> Task statement:
Once the line containing "El sábado próximo" is found, set down that line and each one after it exactly, through the end of the entries.
Available records below:
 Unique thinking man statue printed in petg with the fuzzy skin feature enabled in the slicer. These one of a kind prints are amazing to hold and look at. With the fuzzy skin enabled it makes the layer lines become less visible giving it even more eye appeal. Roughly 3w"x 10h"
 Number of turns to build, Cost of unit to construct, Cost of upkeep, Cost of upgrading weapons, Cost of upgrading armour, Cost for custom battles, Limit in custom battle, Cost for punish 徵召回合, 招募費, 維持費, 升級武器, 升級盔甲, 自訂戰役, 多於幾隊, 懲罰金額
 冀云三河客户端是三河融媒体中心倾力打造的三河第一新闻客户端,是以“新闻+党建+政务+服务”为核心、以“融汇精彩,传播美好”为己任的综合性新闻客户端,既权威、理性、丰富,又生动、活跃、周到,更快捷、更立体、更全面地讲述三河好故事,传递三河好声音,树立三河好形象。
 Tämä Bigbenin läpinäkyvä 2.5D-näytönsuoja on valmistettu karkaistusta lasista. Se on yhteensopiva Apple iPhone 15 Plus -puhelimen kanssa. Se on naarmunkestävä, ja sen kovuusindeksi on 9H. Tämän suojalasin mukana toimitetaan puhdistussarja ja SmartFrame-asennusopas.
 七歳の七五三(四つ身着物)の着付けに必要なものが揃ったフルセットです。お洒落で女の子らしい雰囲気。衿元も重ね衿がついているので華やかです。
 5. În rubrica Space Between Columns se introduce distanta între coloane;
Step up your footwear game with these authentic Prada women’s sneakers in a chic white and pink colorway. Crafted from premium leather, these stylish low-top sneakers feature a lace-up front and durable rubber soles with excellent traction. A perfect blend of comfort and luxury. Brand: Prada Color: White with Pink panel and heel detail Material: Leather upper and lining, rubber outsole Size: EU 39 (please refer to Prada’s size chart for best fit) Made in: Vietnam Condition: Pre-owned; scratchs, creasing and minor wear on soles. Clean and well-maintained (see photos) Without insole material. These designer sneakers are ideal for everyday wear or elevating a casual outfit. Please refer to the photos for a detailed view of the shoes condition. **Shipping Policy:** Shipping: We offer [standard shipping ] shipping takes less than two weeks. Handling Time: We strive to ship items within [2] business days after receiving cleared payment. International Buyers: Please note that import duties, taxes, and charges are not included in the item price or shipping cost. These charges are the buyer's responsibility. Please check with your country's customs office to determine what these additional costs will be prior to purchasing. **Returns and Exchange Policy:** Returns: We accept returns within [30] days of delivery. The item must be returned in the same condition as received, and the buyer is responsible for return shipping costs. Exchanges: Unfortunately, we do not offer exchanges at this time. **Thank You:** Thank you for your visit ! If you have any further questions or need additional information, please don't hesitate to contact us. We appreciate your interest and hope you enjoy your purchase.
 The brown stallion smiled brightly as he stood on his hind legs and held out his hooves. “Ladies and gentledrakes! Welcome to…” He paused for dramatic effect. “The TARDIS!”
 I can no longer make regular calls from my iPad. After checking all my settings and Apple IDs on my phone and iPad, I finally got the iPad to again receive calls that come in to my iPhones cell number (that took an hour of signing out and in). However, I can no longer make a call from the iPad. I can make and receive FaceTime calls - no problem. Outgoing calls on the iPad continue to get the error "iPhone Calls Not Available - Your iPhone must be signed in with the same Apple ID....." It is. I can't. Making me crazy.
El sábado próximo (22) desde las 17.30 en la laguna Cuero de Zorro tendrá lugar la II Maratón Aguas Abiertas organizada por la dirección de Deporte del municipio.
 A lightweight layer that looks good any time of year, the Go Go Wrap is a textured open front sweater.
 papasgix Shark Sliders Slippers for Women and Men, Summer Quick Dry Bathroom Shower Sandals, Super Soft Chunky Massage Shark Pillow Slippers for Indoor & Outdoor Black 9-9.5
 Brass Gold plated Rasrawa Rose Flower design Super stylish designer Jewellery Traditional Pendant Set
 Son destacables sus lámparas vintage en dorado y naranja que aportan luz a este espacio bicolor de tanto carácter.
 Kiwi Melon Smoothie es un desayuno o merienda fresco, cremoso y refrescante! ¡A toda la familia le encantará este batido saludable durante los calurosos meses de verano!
End of Available records.
> Your solution:
El sábado próximo (22) desde las 17.30 en la laguna Cuero de Zorro tendrá lugar la II Maratón Aguas Abiertas organizada por la dirección de Deporte del municipio.
 A lightweight layer that looks good any time of year, the Go Go Wrap is a textured open front sweater.
 papasgix Shark Sliders Slippers for Women and Men, Summer Quick Dry Bathroom Shower Sandals, Super Soft Chunky Massage Shark Pillow Slippers for Indoor & Outdoor Black 9-9.5
 Brass Gold plated Rasrawa Rose Flower design Super stylish designer Jewellery Traditional Pendant Set
 Son destacables sus lámparas vintage en dorado y naranja que aportan luz a este espacio bicolor de tanto carácter.
 Kiwi Melon Smoothie es un desayuno o merienda fresco, cremoso y refrescante! ¡A toda la familia le encantará este batido saludable durante los calurosos meses de verano!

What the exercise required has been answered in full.